Page 1 of 1

Regarding Quality stage Match Concept

Posted: Wed Jan 31, 2007 4:04 am
by thesri
In Match Stage how can i assign weight for every field and what is composite weight..Is there is some samples to help me....Thanks in advance.....

Posted: Wed Jan 31, 2007 4:37 am
by ray.wurlod
Welcome aboard. :D

While you CAN assign weight to every field in the Match stage, you don't want to. Let QualityStage calculate the weights based on the frequency distributions in the data, which you may have reported upon in an investigation.

There are agreement and disagreement weights calculated. You can bias these by altering them based upon external knowledge (typically about the general population compared to the sample upon which the frequencies were calculated). The agreement and disagreement weights are calculated for every field (unless excluded specifically from analysis) and reflect the "information content" - how rare the value is in its domain.

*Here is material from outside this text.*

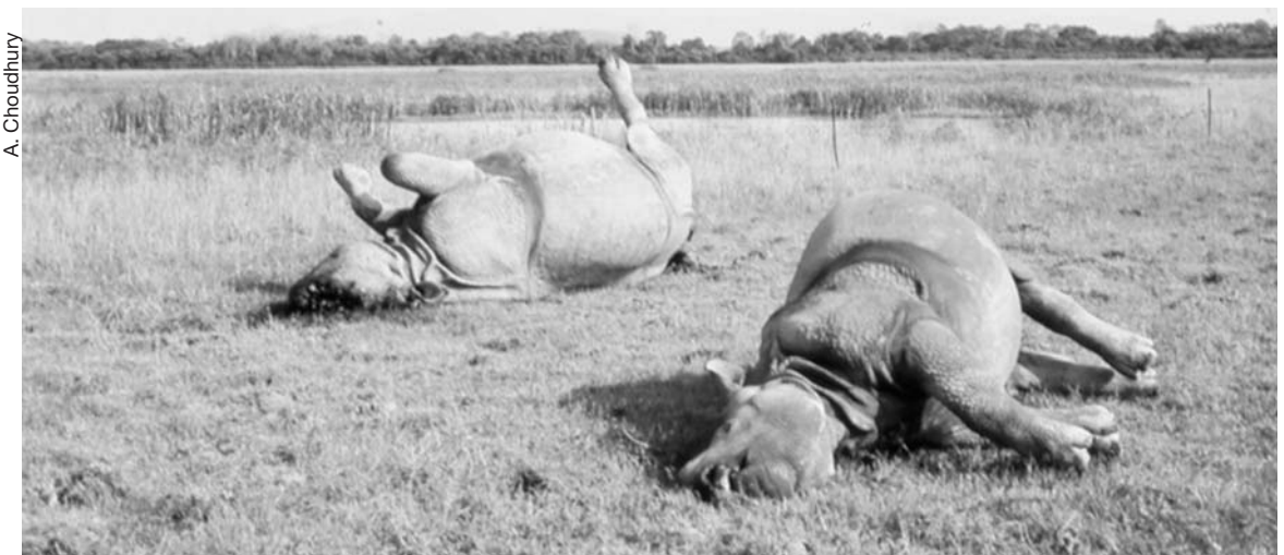
Rhino poaching, although declining, still takes its toll.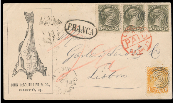
Lot 641 - Realized $54,000

Realizations below do not include the 20% buyer's premium.

The agreement and disagreement weights are summed across the non-excluded fields in each record to yield the aggregate weight. It is the aggregate weights that determine which are masters, which are duplicates and which are residuals during the match.

You can set cutoff points that govern the decision whether a pair of records is a match or not, based on the aggregate weight of the putative duplicate.

Posted: Wed Feb 07, 2007 10:16 am
by Alexander
In my opinion, the weights based on the frequency distribuitions should only be used on fields with well known values, not over fields wich accept free text, because the frequency tables will not cover all the range, and the result can fall into extreme situations.

If you assign weight to every field you will lose a potencial tool of QS, but on the other hand you will control the weight give to wich record. And that can be a great advantage.

You can give fixed weigth as first step, and then adjust it to use frequency fields :idea:.

Good luke!!!